Composer information

STRAVINSKY - Concerto in E flat 'Dumbarton Oaks' (12')

Tempo guisto
Con moto

Whilst Stravinsky was in America in 1937, he received a commission to write a concerto for chamber orchestra from Mr and Mrs Robert Woods Bliss of Dumbarton Oaks, Washington D C - "a little something" in celebration of their forthcoming thirtieth wedding anniversary. Stravinsky responded with, in his own words, "a concert in the style of Bach's Brandenburg Concertos" scored for flute, clarinet, bassoon, two horns and ten strings. The influence of Bach and of the Baroque concerto grosso is very evident, most particularly in the work's highly contrapuntal texture and in the way in which all fifteen of the players function both as soloists and as members of the full ensemble.

"I studied and played Bach regularly during the composition", Stravinsky later recalled, "and I was greatly attracted to the Brandenburg Concertos, especially the third, which I have also conducted. The first theme of my Concerto is, of course, very like Bach's in that work, and so is my instrumentation - the three violins and three violas, both frequently divisi a tré, though not chordally as in Bach. I do not think, however, that Bach would have begrudged me the loan of these ideas and materials, as borrowing in this way was something he like to do himself." The three short movements are performed without interruption. The first movement is predominantly polyphonic in texture, with characteristic brief motives intertwining and turning into a kind of fugue. The graceful slow movement, built up of the merest fragments of melody, provides a serene interlude between the more robust outer movements. Despite its marchlike character the finale, like the first movement, builds to an exhilarating fugato climax.
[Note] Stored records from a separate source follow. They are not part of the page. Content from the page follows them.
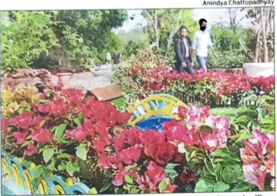
COLOURFUL VISTA: Delhi tourism is organising the bougainvillea festival at Garden of Five Senses in Said-ul-Ajab till Sunday

bougainvillea, a shrub or vine from South American, is one of the most widely grown plant plants here. 'It's a species that does well in a tropical area, be it South America, the US or India. It is tough and can survive only on rain. When temperatu-
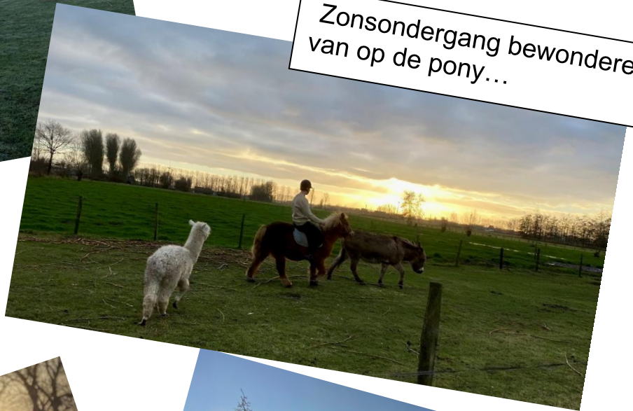
Zonsondergang bewonderen van op de pony...
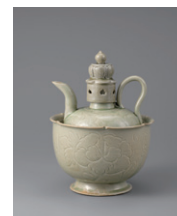
【6】青磁牡丹文水注・承盤 中国・北宋時代 11世紀 個人蔵（根津美術館寄託）

その他の画像のご希望： ※上記「広報画像」以外の画像、ポスター画像をご要望の際は、その旨お書きください。
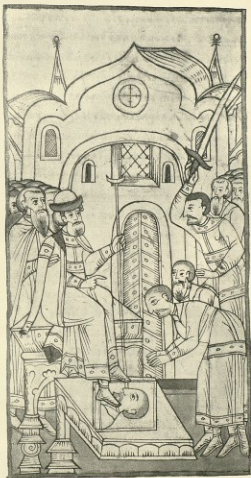
М., з. 31.—См. столб. 203, изображение 6.
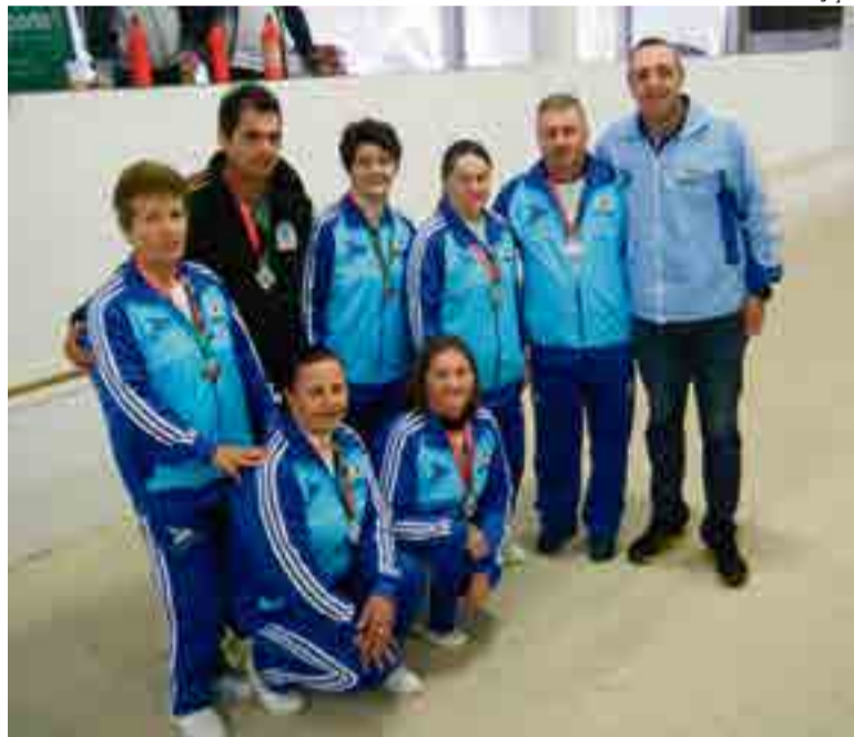
Bocha feminino sagrou-se vice-campeã na fase microrregional

Unfortunately, in the May of 1938, when the premiere was due to take place, Stravinsky was undergoing a cure for tuberculosis and was unable to conduct. At his express wish, Nadia Boulanger was invited to take his place. Mrs Bliss, who attended al the rehearsals and who subsequently heard many performances of the concerto all over the world, considered Boulanger's interpretation to the "the most subtly interesting of all".